Reviewing the last entry, the behavior of the two parallel structures on the right could be obtuse. Basically, each state owns a section of these arrays as delimited by begEdge and endEdge. Each row within that range contains a character and the state to go to if we see that character.
That's nice and compact. However, it does constitute a linear scan which could be relatively slow. It's probably immeasuable in any real case. Be that as it may, if the lexer needed to be faster we could replace the parallel edge and dest arrays, as well as the begEdge and endEdge arrays, with a gawd-awful sparse matrix. It would take up more space and probably not be very i18n-able. However, we'd be able to generate tokens about as fast as it could be done.
The table would be a nx256 int array where n is the number of states in the lexer. The 256 ints for a state would represent the transitions possible. The ASCII value of the input character would be an index into this array. The result would be the next state.

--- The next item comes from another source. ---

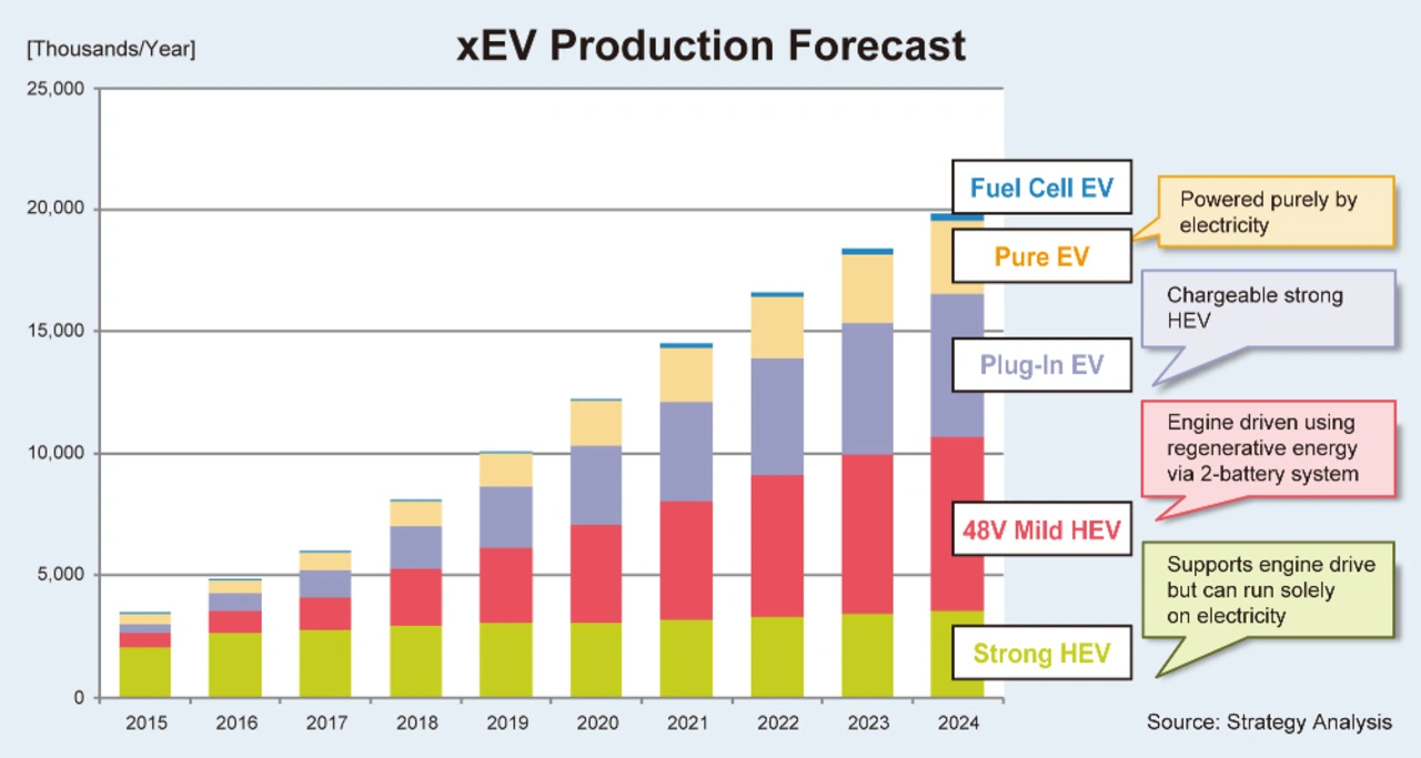 Das sind zum einen reine Elektroautos, die ihren Antriebsstrom aus Akkus ziehen oder Fahrzeuge, die über einer Brennstoffzelle Wasserstoff in elektrische Energie umwandeln. Die verschiedenen Hybrid-Varianten sind Voll-Hybride, bei denen die Batterie während der Fahrt mit regenerativer Energie aufgeladen wird und die auch rein elektrisches Fahren erlauben, Plug-in-Hybride, die an einer Steckdose aufgeladen werden können und schließlich Mild-Hybride (Mild Hybrid Electric Vehicles, MHEV), die eine 48-V-Batterie mit regenerativer Energie aufladen und mithilfe eines 48-V-Riemen-Starter-Generators (RSG) einen Start-Stopp-Betrieb und die elektrische Verstärkung des Verbrennungsmotors ermöglichen. Allein im Segment der 48-V-Mild-Hybriden werden 7,1 Millionen Fahrzeuge bis 2024 prognostiziert (Bild 1).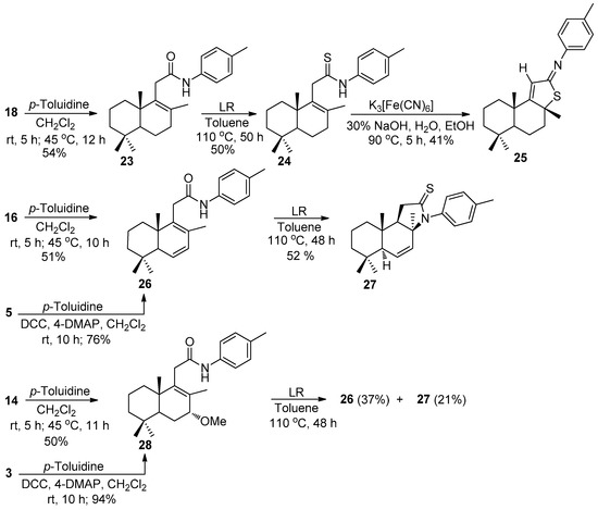 An attempt to perform the direct amidation of acids 3 and 5 with p-toluidine in the presence of N,N′-dicyclohexylcarbodiimide (DCC) and 4-dimethylaminopyridine (4-DMAP) gave better results, because the yields of amides 26 and 28 increased up to 76% and 94%, respectively (Scheme 4). Together with the signals of protons from terpene units, the proton spectra of amides 23, 26, and 28 contained the singlets of C4′-bonded methyl in a range of 2.30–2.32 ppm and doublets of aromatic protons from 7.11 ppm to 7.37 ppm, and a broad singlet of the amidic proton at 7.53–7.70 ppm. The structures of the mentioned compounds were fully confirmed by the 13C NMR spectra.

nextState = 0; // start state
while(nextState != -1)
input = getInput();
state = nextState;
nextState = sparse[state][input];
// 'state' is where we finished, and 'input' would
// be the unaccepted character that we'd re-ingest
// next time.
Not a lot of code there...
Another option is to go the other way, and say all this array stuff is rubbish. The lexer would include normal classes which we'd instanciate the first time the lexer was used. We could replace the four parallel arrays with a simple class and the two parallel edge arrays with a Map. Instead of having state IDs or Token IDs, etc, we'd use references to instances in our classes.